Focused On-demand Libraries - Receptor.AI Collaboration


Explore the Potential with AI-Driven Innovation

The specialised, focused library is developed on demand with the most recent virtual screening and parameter assessment technology, guided by the Receptor.AI drug discovery platform. This approach exceeds the capabilities of traditional methods and offers compounds with higher activity, selectivity, and safety.


From a virtual chemical space containing more than 60 billion molecules, we precisely choose certain compounds. Reaxense aids in their synthesis and provision.


The library features a range of promising modulators, each detailed with 38 ADME-Tox and 32 physicochemical and drug-likeness parameters. Plus, each compound is presented with its ideal docking poses, affinity scores, and activity scores, ensuring a thorough insight.


Our high-tech, dedicated method is applied to construct targeted libraries.


 

Fig. 1. The screening workflow of Receptor.AI

Our methodology leverages molecular simulations to examine a vast array of proteins, capturing their dynamics in both isolated forms and in complexes with other proteins.
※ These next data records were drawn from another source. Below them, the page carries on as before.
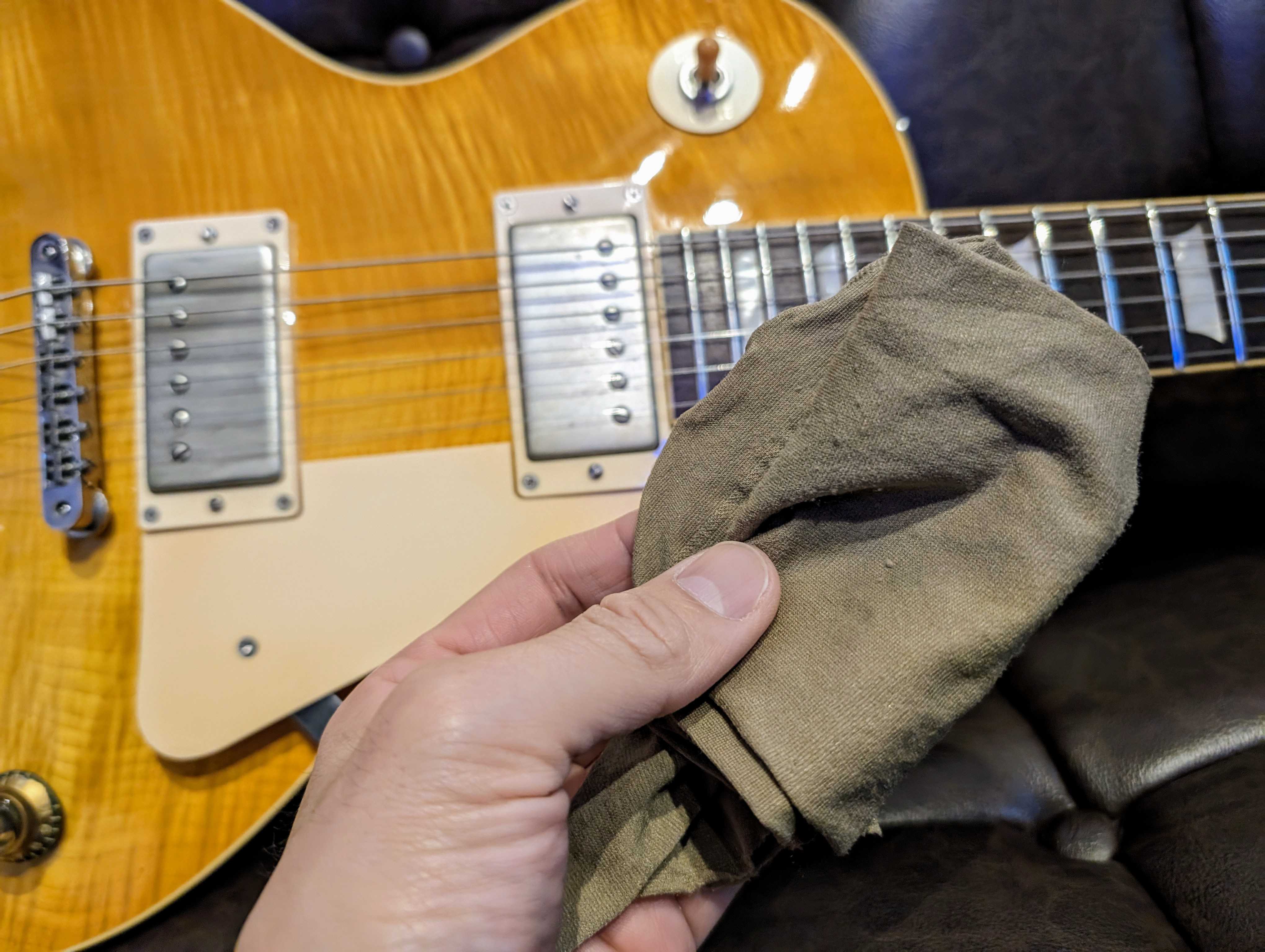 ちなみに母ちゃんとは妻のことではなくて、本当に俺を生んだ母ちゃんのストッキングです。元々はレザー用品の艶出し(これも最高)に使っていたんですが、指板に使ってみたところ、これがまぁ使えるアイテムでした。100円ショップとかでも売っているのでオススメです。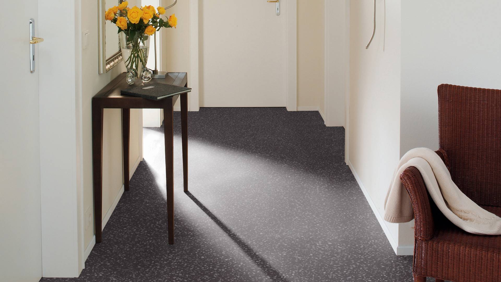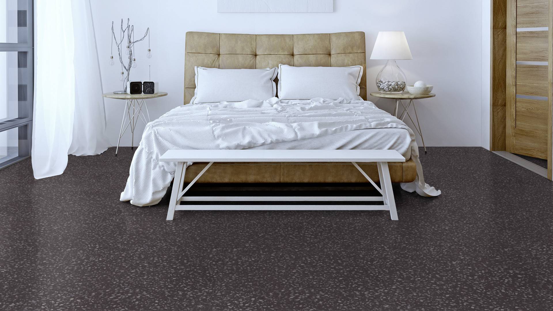 Der Bodenbelag inSloe Terrazzo überzeugt durch seine perfekte Imitation natürlicher Holzböden. Die feine Maserung verleiht dem Boden eine authentische und hochwertige Ausstrahlung die an Böden aus Terazzoerinnert. Dank der vielseitigen Farbgebung passt er zu jedem Einrichtungsstil und schafft eine harmonische Atmosphäre in deinem Zuhause.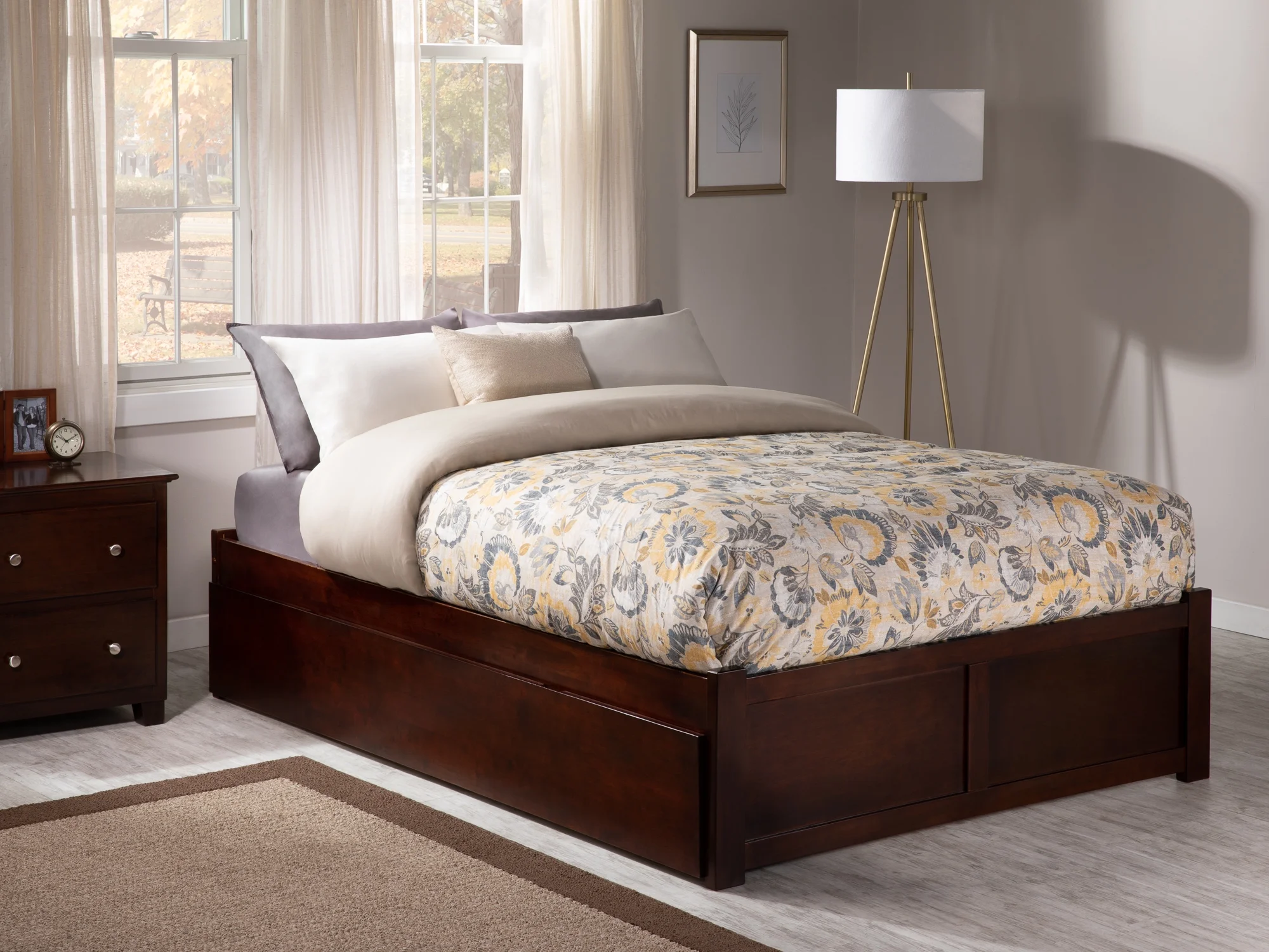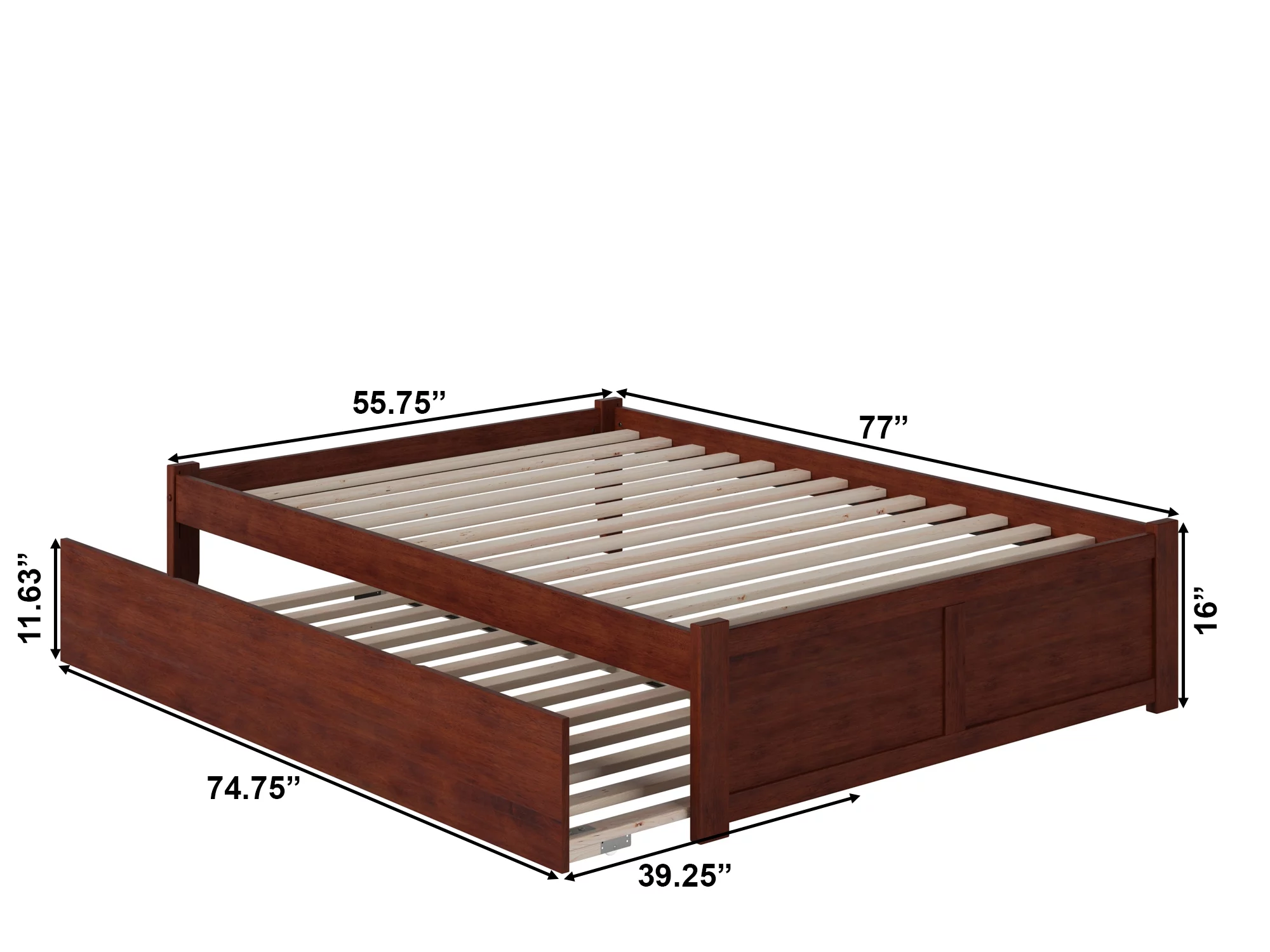 AFI Concord Full Solid Wood Platform Bed with Footboard & Twin Trundle in Walnut

Through ensemble virtual screening, we thoroughly account for the protein's conformational mobility, identifying critical binding sites within functional regions and distant allosteric locations. This detailed exploration ensures that we comprehensively assess every possible mechanism of action, with the objective of identifying novel therapeutic targets and lead compounds that span a wide spectrum of biological functions.


Our library is unique due to several crucial aspects:


  • Receptor.AI compiles all relevant data on the target protein, such as past experimental results, literature findings, known ligands, and structural data, thereby enhancing the likelihood of focusing on the most significant compounds.

  • By utilizing advanced molecular simulations, the platform is adept at locating potential binding sites, rendering the compounds in the focused library well-suited for unearthing allosteric inhibitors and binders for hidden pockets.

  • The platform is supported by more than 50 highly specialized AI models, all of which have been rigorously tested and validated in diverse drug discovery and research programs. Its design emphasizes efficiency, reliability, and accuracy, crucial for producing focused libraries.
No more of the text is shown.